Never-the-less, it is important that communication by controllers be understood, not
as a mere transfer of information, but as a means of achieving a certain mode of
behaviour from the pilot. This carries the authority of CAR 100. The communication
is command oriented and reflects the central role of the controller implementing his or
her plan to resolve airspace problems. Thus, during routine operations, the controllers
message is nearly twice as long as the pilots because the controller issues instructions
which the pilot acknowledges (Roske-Hofstrand and Murphy, 1998).

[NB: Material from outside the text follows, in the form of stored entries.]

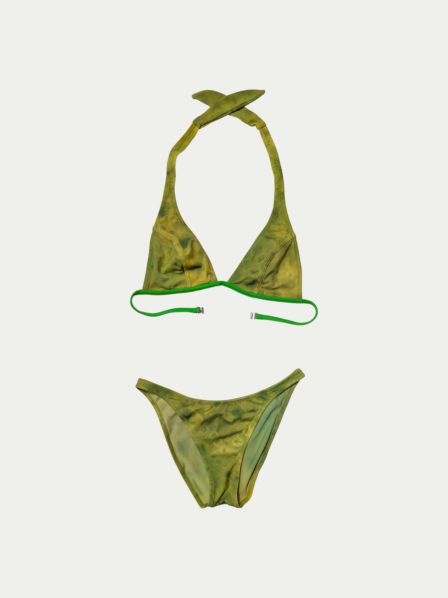 Late 90s bikini in lively green shades with a tie-dye style print. Features a tie-neck bra with a metal back closure and a high-waisted bottom. In great, like-new condition.
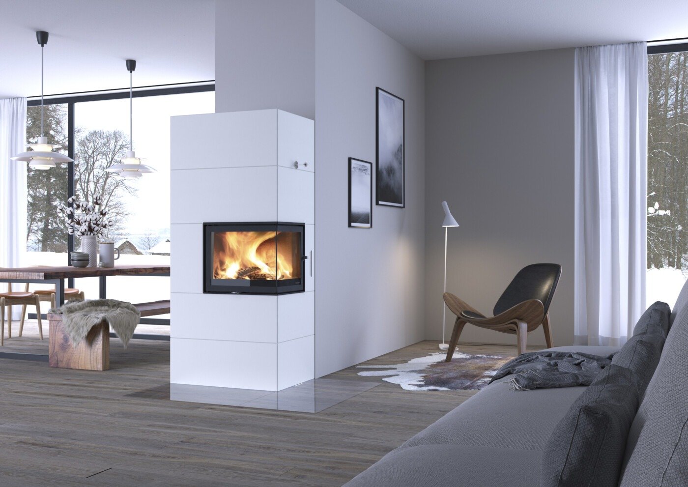 Der Salzburg C kombiniert klassische Speicherofen-Technik mit einer großzügigen Ecksichtscheibe. Dadurch entsteht ein besonders intensiver Blick auf das Feuer, während der massive Speicherkern für langanhaltende Strahlungswärme sorgt.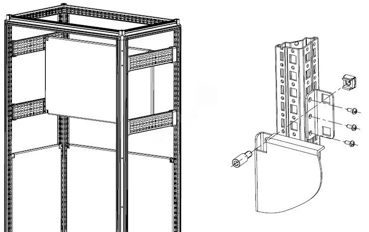 Секционные монтажные панели обеспечивают универсальность внутреннего монтажа, как непосредственно в боковых проемах каркаса, так и внутреннем монтажном пространстве в сочетании с монтажными шасси и профилями. Позволяет легко производить замену неисправных блоков. Обеспечивают создания дополнительных монтажных уровней.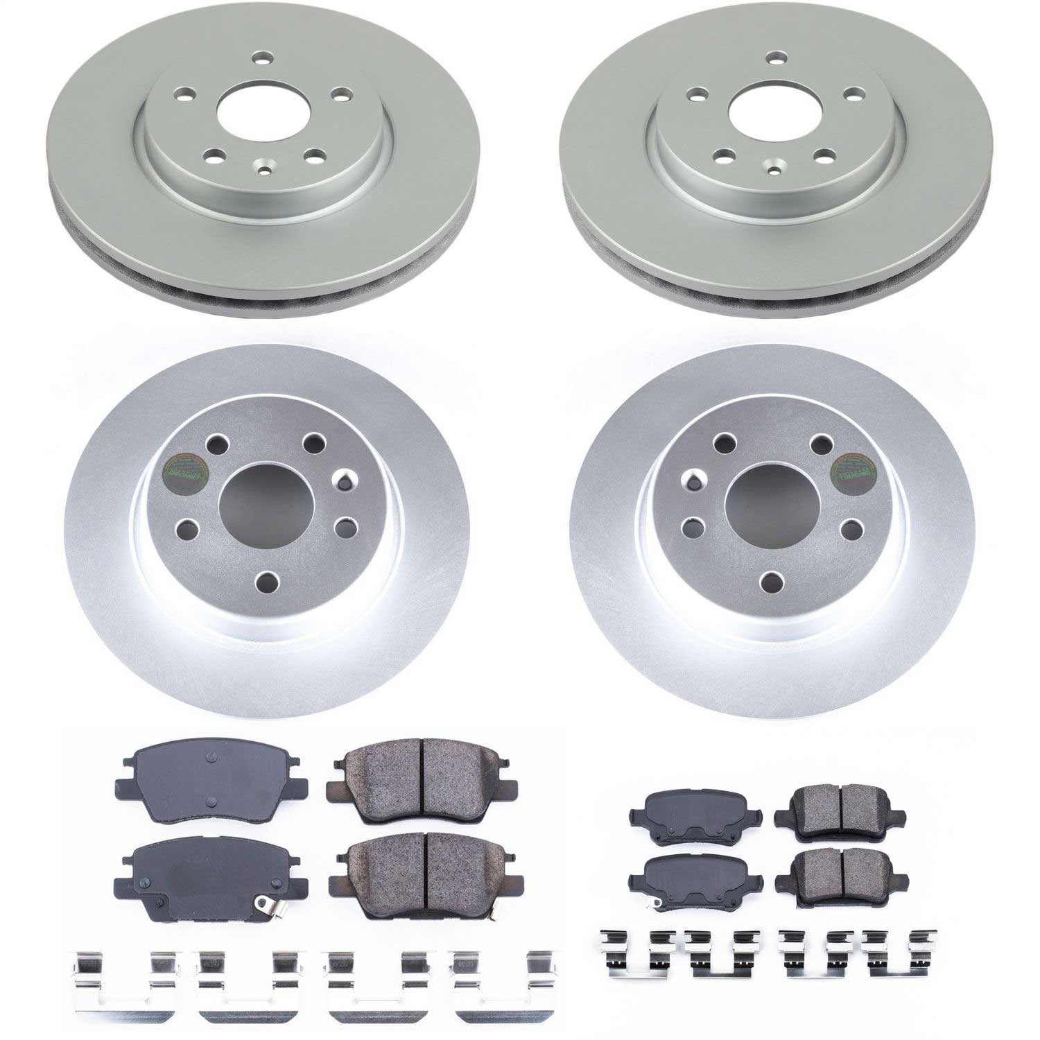Power Stop - Front and Rear Genuine Geomet Coated Rotor and Low-Dust Ceramic Brake Pad Kit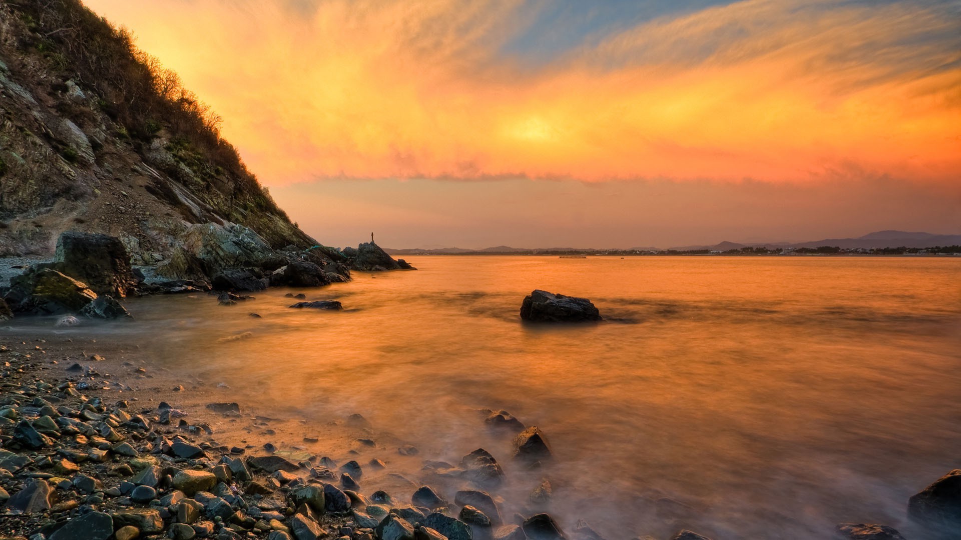 Coucher de soleil orange sur la côte rocheuse de la mer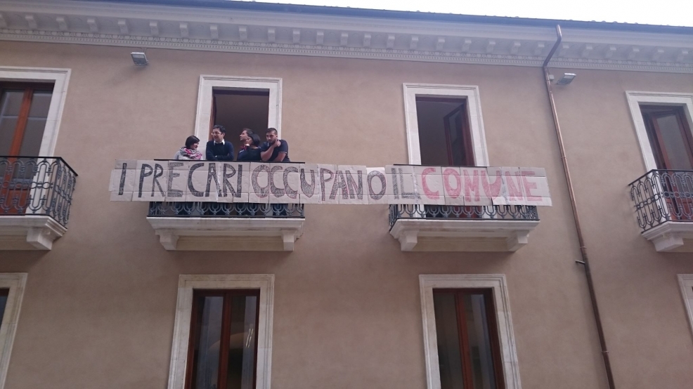 Dopo l’assemblea di ieri mattina e l’ennesima fumata nera, i 56 precari della ricostruzione sono tornati ad occupare Palazzo Fibbioni a L’Aquila.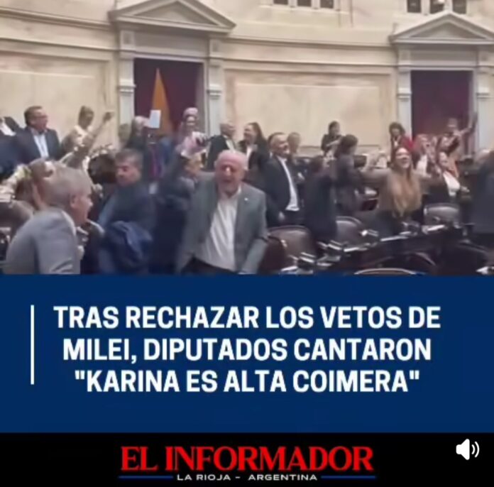 Inicio Política Tras rechazar los vetos de Milei, diputados cantaron «Karina alta coimera»PolíticaTras rechazar los vetos de Milei, diputados cantaron «Karina alta coimera» septiembre 18, 2025FacebookTwitterPinterestVKWhatsApp Artículos relacionadosMás del autorSegún la escribana, Adorni compró el departamento de Caballito en 12 cuotas y sin interesesJavier Milei volvió a atacar a los periodistas y aseguró que «la motosierra sigue encendida»Ley de Glaciares: La Libertad Avanza y aliados convirtieron en Ley la reforma de forma contundenteDEJA UNA RESPUESTA Cancelar respuestaPor favor ingrese su comentario! Por favor ingrese su nombre aquí ¡Has introducido una dirección de correo electrónico incorrecta!Por favor ingrese su dirección de correo electrónico aquí Guardar mi nombre, correo electrónico y sitio web en este navegador la próxima vez que comente.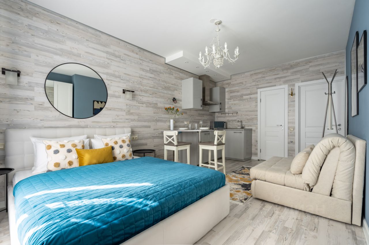 Уютная квартира для четверых в новом жилом комплексе у Московского вокзала Indigo 4. Современное оснащение, продуманный интерьер и шаговая доступность до станций метро Маяковская и Площадь Александра Невского — отличный выбор для длительного проживания в центре Петербурга.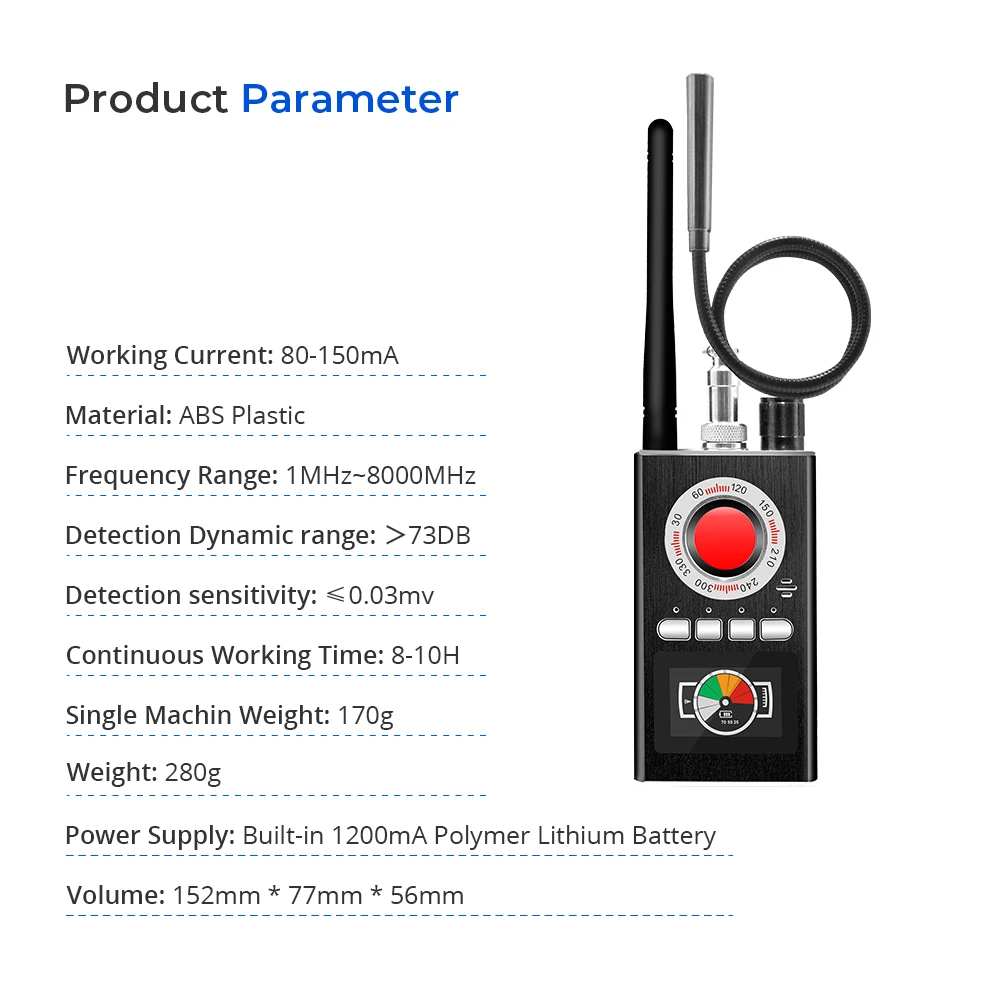 -There's probably a camera keeping an eye on you right now. With the NEWEST SPY DETECTOR K99 you and your family will be protected by easily finding unwanted surveillance spy devices.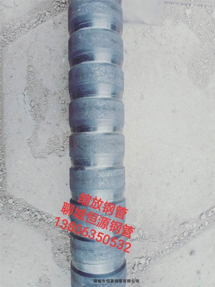 聊城恒源缩放钢管缩放管是由依次交替的收缩段和扩张段组成,使流体始终在方向反复改变的纵向压力梯度作用下流动。扩张段产生的剧烈漩涡在收缩段可以得到有效地利用,收缩段还可以起到提高边界层速度的目的。缩放管在大雷诺数下操作特别有利。该性质正好与纵流式管束支承物的特点相适应。在同等压力降下,缩放管的传热量比光管增加70%以上。缩放管的形状为相对流线型,因而流动阻力比横流槽管小,适合低压气体和肮脏流体的传热。实践表明,缩放管与整圆形折流板等的组合都有显著地强化传热效果。缩放钢管外形酷似糖葫芦,缩放钢管和螺纹烟管原材料都是无缝钢管,两者工作原理些许相似,但缩放钢管日产量较低,缩放管机结构较复杂,模具和轴成本高。缩放管在热交换器中被广泛采用,主要性能是传热系数高,阻力小,热气自管程由上而下,其触媒灰及酸泥有机会可自排污口清除出。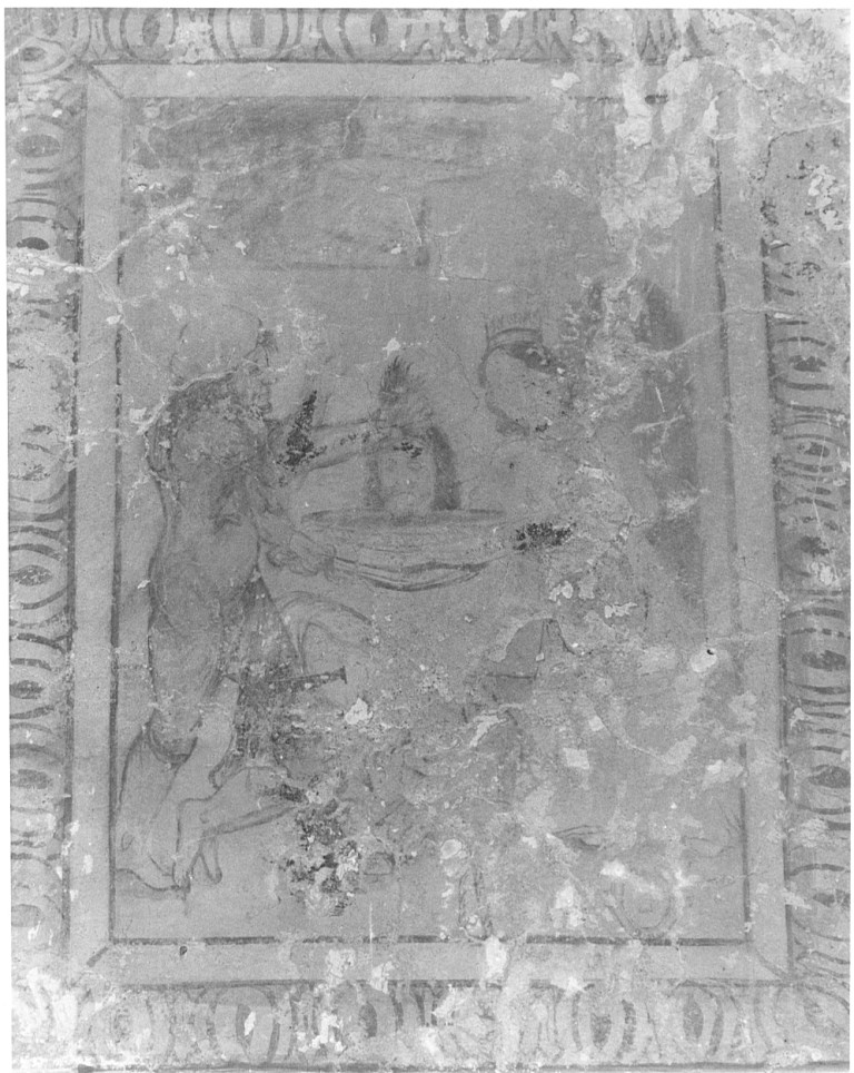 Una figura maschile a sinistra reca il piatto con la testa del Battista a Salomé, raffigurata sulla destra. Appena visibile il corpo del Battista, riverso. Le figure sono scarsamente leggibili e risultano inquadrate da una finta cornice dipinta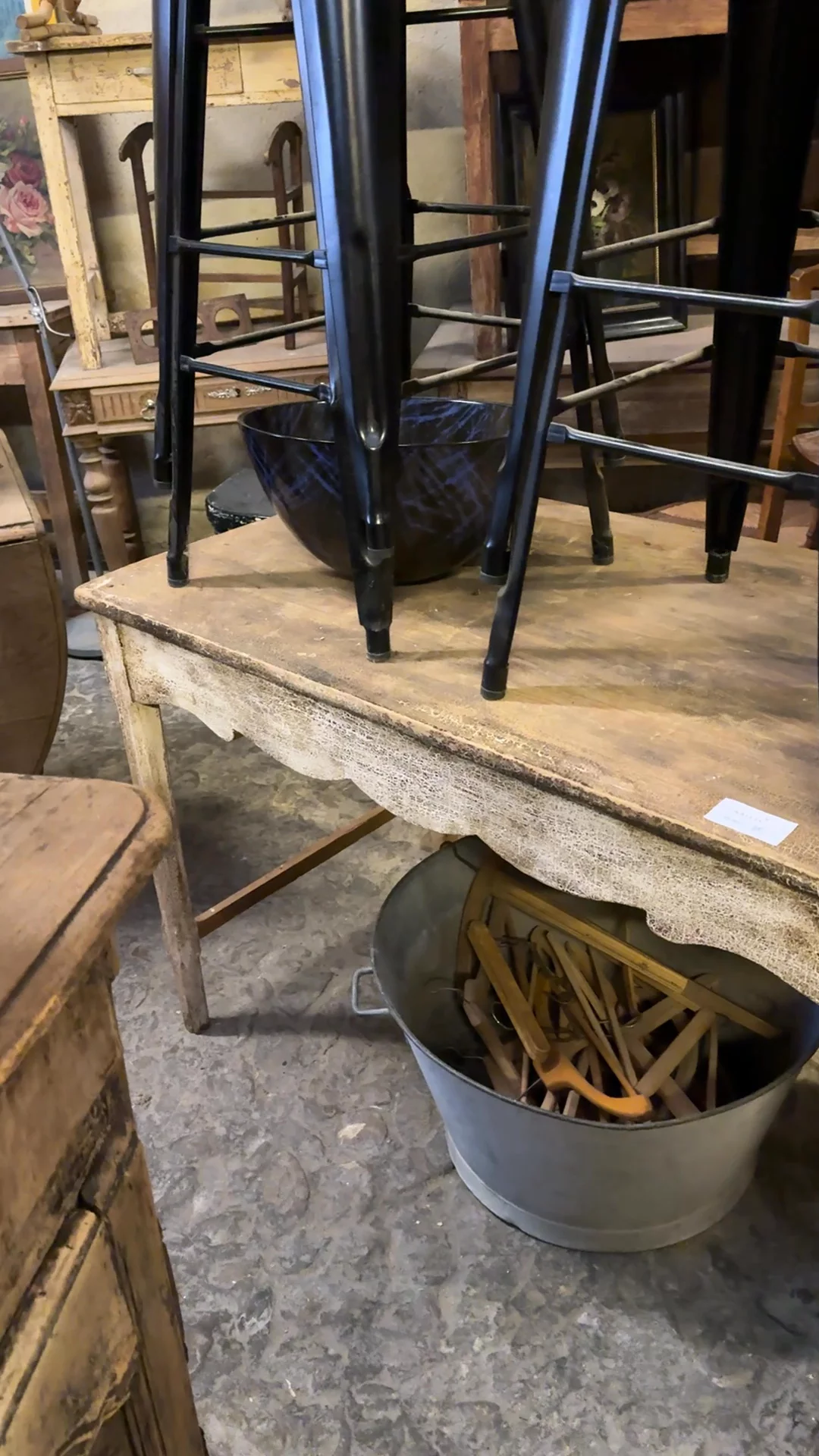 Found in Avignon and dating to the early 20th century, this French desk would have been used for everyday writing - letters, accounts, whatever needed to be put down at the end of the day. The frame is simple and narrow, with a single drawer and a scalloped apron running along the front. The paint has worn back heavily, leaving that soft, crackled surface across the legs and apron, while the top shows the marks of constant use. Sylvie loves it used as it was meant to be - papers spread out, a stack of books off to one side, something half written and left there until you come back to it.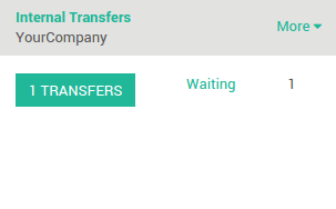 Vaya al tablero de Inventario. Verá que hay una sola transferencia lista (el movimiento a la zona de control de calidad) y una esperando (el movimiento a existencias después del control). De clic en el link # TRANSFERENCIAS en las Transferencias Internas para procesar el control de calidad.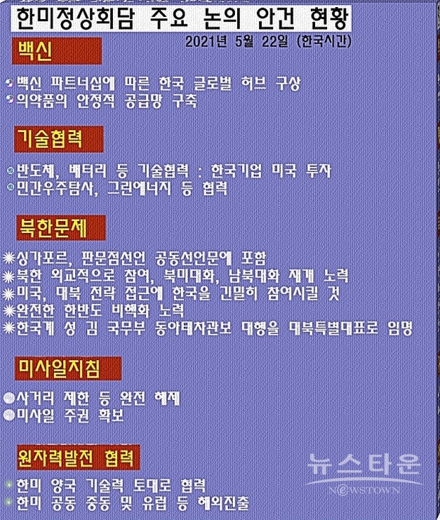 문재인 대통령은 21(현지시간) 조 바이든 미국 대통령과 첫 대면 정상회의를 백악관에서 갖고, 백신 확보 문제, 양국 간 기술협력, 북한 문제, 미사일 지침, 원자력발전 협력 등에 대해 합의했다.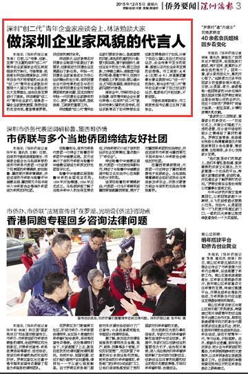 日前,以“传承、创新、发展”为主题的深圳“创二代”青年企业家座谈会在五洲宾馆深圳厅举行。市委常委、统战部长林洁出席座谈会,并和来自全市不同领域的60多名“创二代”青年企业家就如何围绕十八届五中全会提出的五大发展理念,结合自身发展进行了座谈。林洁寄望“创二代”青年企业家们,继承老一辈企业家爱党爱国、艰苦创业的优良传统,激扬青春梦想,共创深圳美好未来。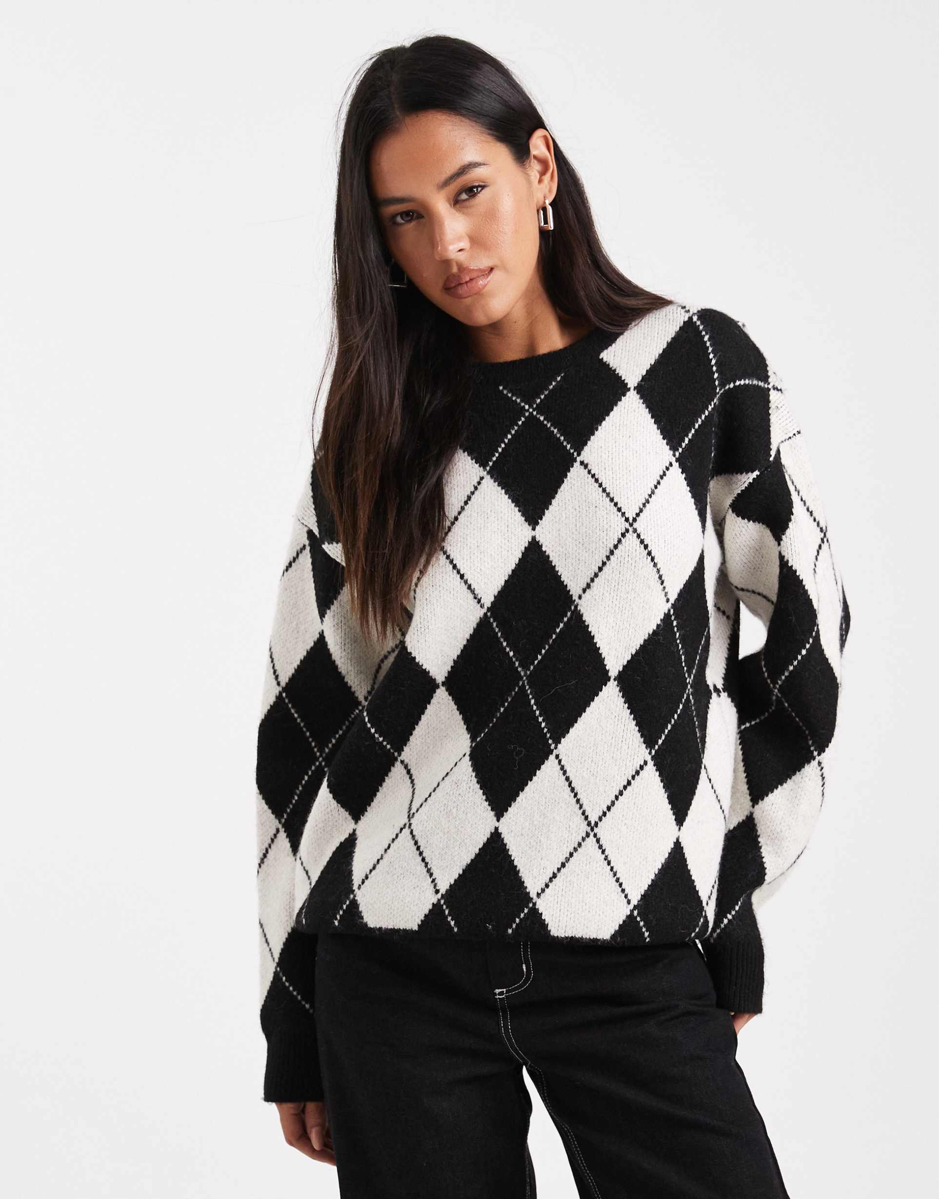 4TH & RECKLESS WOOL BLEND CREW NECK OVERSIZED SWEATER IN BLACK AND WHITE ARGYLE

Communications between controllers differs in that they make inquiries, observations
and answer questions in order to develop and maintain a shared mental picture. The
hierarchical communications structure established by the Civil Aviation Regulations
between pilots and controllers does not exist between controllers. When the traffic
handling plans of two adjacent controllers conflict, they must quickly negotiate a
satisfactory resolution based on traffic priorities. Studies indicate that the best
performing radar controllers make significantly more enquiries about the control
situation (Fisher and Kulick, 1998). These controllers make more acknowledgements
22
of the information received and indicate more response uncertainties. Their technique
appears to be one of using team communications to gather information to update their
situational awareness and to respond to and check on the information that is being
passed to them by other controllers.
3.7 Qualitative Information in Speech
Two kinds of information are contained in speech: quantitative information and
qualitative information. Essentially they distinguish what is said from how it is said.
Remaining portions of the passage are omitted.